Prior to the first round of Development Academy tryouts, MNUFC Academy Director Tim Carter traveled to France as part of an MLS delegation to learn from and explore the training methodologies of their counterparts in the French Football Federation or FFF. About 20 academy directors and coaches from the U.S. spent a week at Clairefontaine — the national sports center of the FFF located southwest of Paris — then broke up into smaller groups and moved onto the immersion part of the program. For this, Carter joined representatives from Vancouver Whitecaps FC and Montreal Impact at professional soccer club AE Guingamp, located in Brittany in northwestern France.
“We had the opportunity to meet with their coaches, their conditioning people, their performance people and their medical people,” said Carter. “We watched them train and compete. We were given total access to anyone in the club and allowed to ask any question we wanted. At the end of the visit, there was a great deal of information provided to us about their methodology and how it’s implemented.”
“I have over 30 years of experience with U.S. Soccer’s coaching methodology,” said Carter. “I’ve taken an English FA coaching course back in 1975 and I've gone through a short program with a Dutch Football Federation coaching program, so I've been exposed to other methodologies. But this program that MLS conducts with the FFF takes you deeper, and you see the many layers of the program that you would not see unless you're inside this program. The depth of information that is being provided is exceptional. There's no way anyone taking this course can come away not impressed with the way the French have gone about developing elite level players.”
In the United States, the typical structure for youth soccer is a team of a single age group coached by a head coach and an assistant. Carter and the staff at the Minnesota United Development Academy are building a more nuanced and fluid structure where multiple coaches work in rotation across age bands with an eye toward maximizing player development across a youth player’s entire youth career. Carter found a similar philosophical emphasis in France.

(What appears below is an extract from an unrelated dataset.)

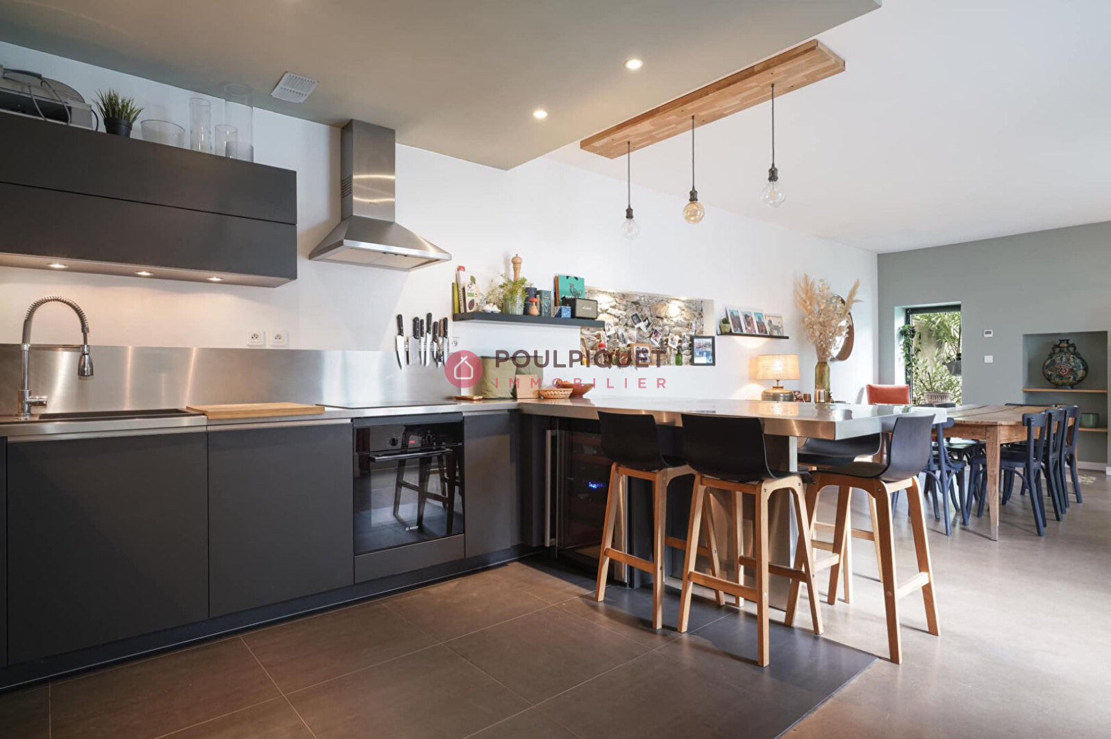 Toiture en ardoise naturelle refaite intégralement fin 2022, extension très lumineuse en 2020 avec un bardage en zinc, une grande place de stationnement en sous-sol et une cave viennent en annexes de cette belle maison joliment décorée.
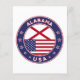 Badge of Alabama with flag of Alabama and flag of USA colours, rounded shape.

“Sometimes here, we become overly obsessed with creating the best U14 team,” he said. “Personally, I really couldn't care less who wins the U14 Chartreuse division. In France, they have a culture that puts the importance on developing players and improving them as much as they can all the way through the pathway. The know the end product isn’t at U14, it is a date much further down the road when they are older and they have achieved the highest level they are capable of playing at. There's also an awful lot of self-discovery involved in their approach. They have a reason for just about everything they do, but at the same time, they allow players vast freedom. They certainly don't joystick their players from the touchline. They allow their players the freedom to solve the problems of the game as well as make mistakes. They look at this as a valuable part of the educational process.”
That focus on process will be uppermost in Carter’s mind as he and the staff move toward the second round of Development Academy tryouts on June 27 and 28, looking to further narrow the candidates who will make up the roster of the first Development Academy team in the fall.